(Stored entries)
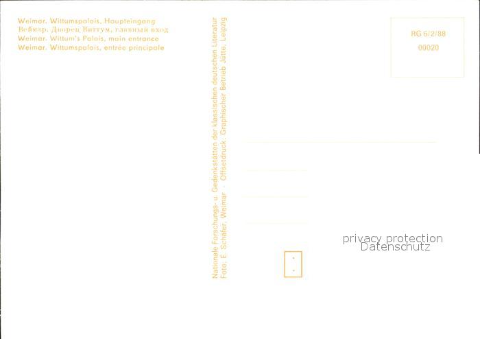 72383195 Weimar Thueringen Wittumspalais postalisch nicht gelaufen Erhaltung siehe scans KatCode: 11110016055000
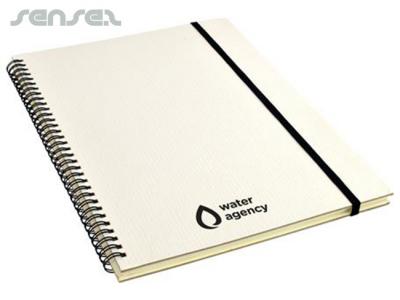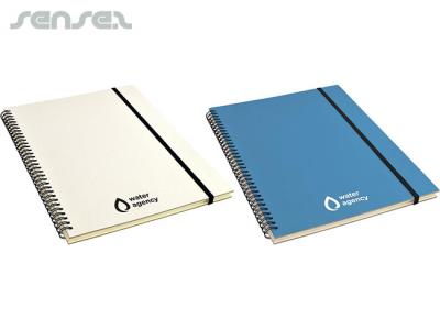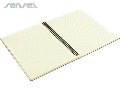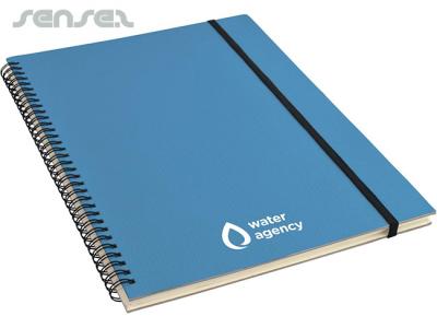 These beautiful A4 notebooks feature a wood grain design cardboard cover that oozes individuality. The notebook has a spiral binding (which allows the solid cover to be folded flat behind the book – for ease of use) as well as elastic closure. The bespoke spiral notebooks are also available in blue or white.
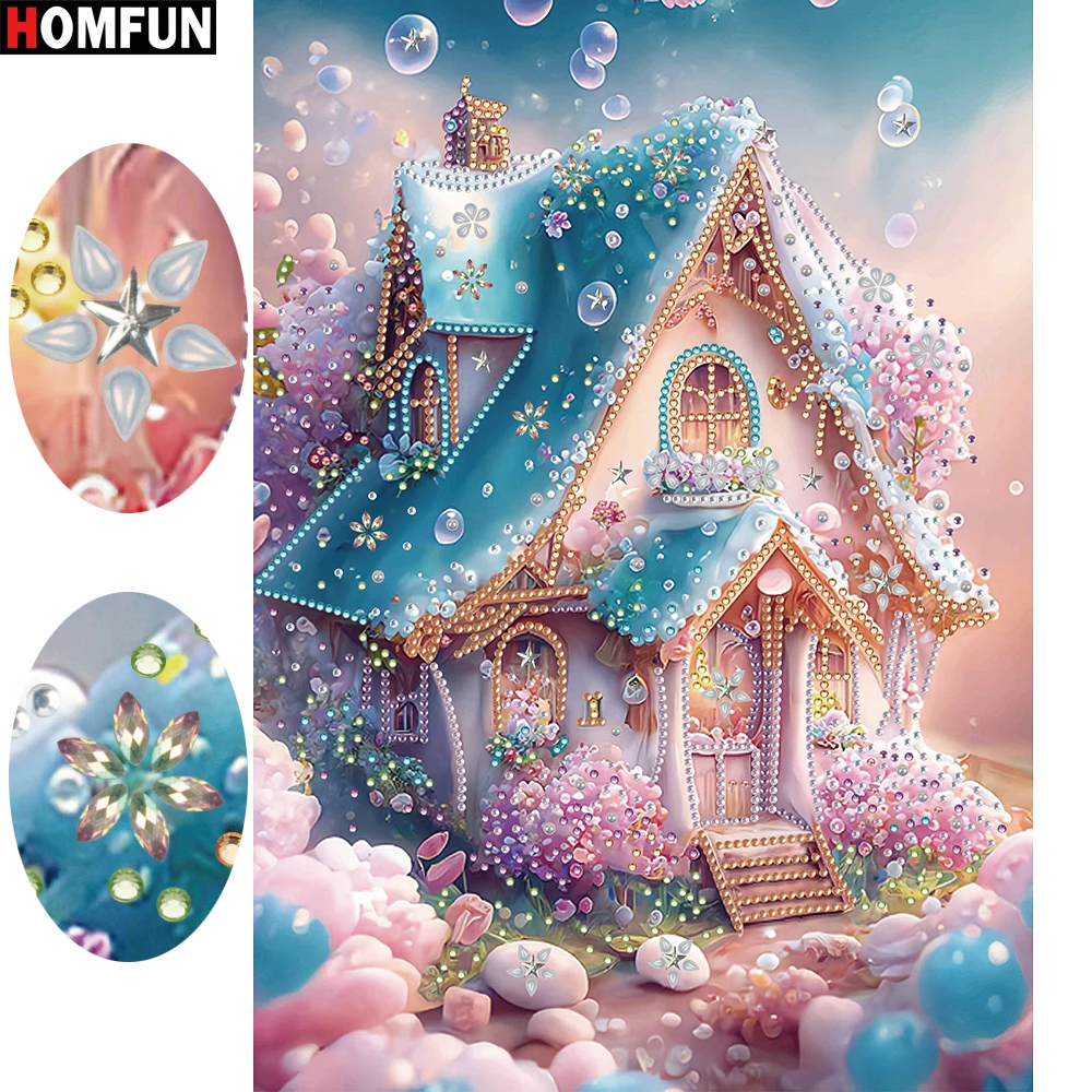 HOMFUN 5D DIY Diamond Painting Special Shape Drill Fairy House Landscape Crystal Embroidery Rhinestone Home Wall Decor Art Gift
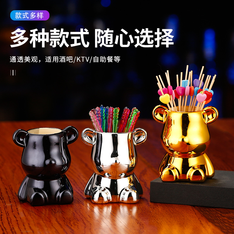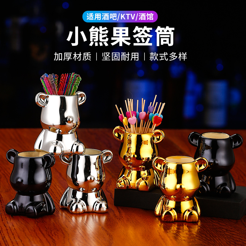 創意的なつまようじカップの熊の果物の署名の杯のバーのKTVは台の果物の署名の席の果物のフォークの杯のホテルのレストランのつまようじの筒を並べます。
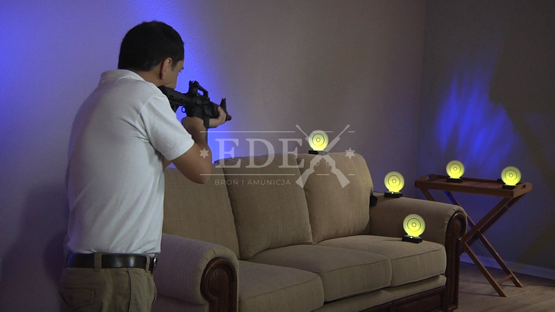 Doskonal trening taktyczny i ćwicz przejścia między celami w pomieszczeniu. Zidentyfikuj cel zagrożenia i strzelaj do jasnozielonej diody LED, która przemieszcza się pomiędzy celami.
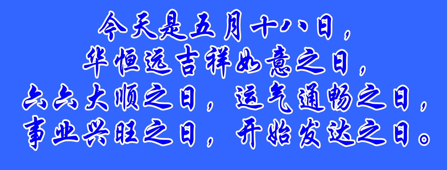 今天是五月十八日,華恒遠吉祥如意之日,六六大順之日,運氣通暢之日,事業(yè)興旺之日,開始發(fā)達之日。
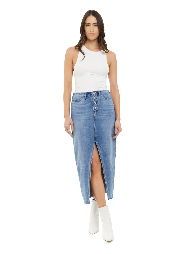 Indulge in this denim skirt, a sophisticated midi length with a daring front slit. The perfect combination of casual and chic, it flatters your figure and adds a touch of playful elegance to any outfit. Treat yourself to this must-have for your wardrobe, and elevate your style.
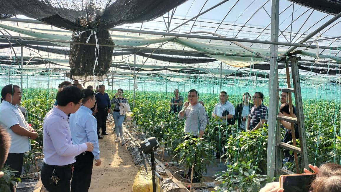 觀摩會現(xiàn)場:由武大綠洲研發(fā)中心高級綠色防控工程師黎秀麗和余浩詳細講解了大棚辣椒綠色防控技術(shù)、在種植過程中存在的問題、痛點分析、冬季管理。參會作業(yè)長及菜農(nóng)學習了《肥菌同施 治病提質(zhì)》、《昆蟲病毒 靶向滅蟲》綠色防控技術(shù)在大棚辣椒中的應用,并現(xiàn)場觀看到:示范大棚辣椒長勢喜人,效果非常好。武大綠洲基于微生物技術(shù)為核心的綠色防控技術(shù)體系受到領(lǐng)導、作業(yè)長和菜農(nóng)的一致認可,紛紛表示要與武大綠洲繼續(xù)深入合作。

## WORK ITEM
Repeat, word for word and with no pictures, only the lines running from the beginning of the data to the line that contains "Doskonal trening taktyczny".

## TASK RESULT
 72383195 Weimar Thueringen Wittumspalais postalisch nicht gelaufen Erhaltung siehe scans KatCode: 11110016055000
 These beautiful A4 notebooks feature a wood grain design cardboard cover that oozes individuality. The notebook has a spiral binding (which allows the solid cover to be folded flat behind the book – for ease of use) as well as elastic closure. The bespoke spiral notebooks are also available in blue or white.
 HOMFUN 5D DIY Diamond Painting Special Shape Drill Fairy House Landscape Crystal Embroidery Rhinestone Home Wall Decor Art Gift
 創意的なつまようじカップの熊の果物の署名の杯のバーのKTVは台の果物の署名の席の果物のフォークの杯のホテルのレストランのつまようじの筒を並べます。
 Doskonal trening taktyczny i ćwicz przejścia między celami w pomieszczeniu. Zidentyfikuj cel zagrożenia i strzelaj do jasnozielonej diody LED, która przemieszcza się pomiędzy celami.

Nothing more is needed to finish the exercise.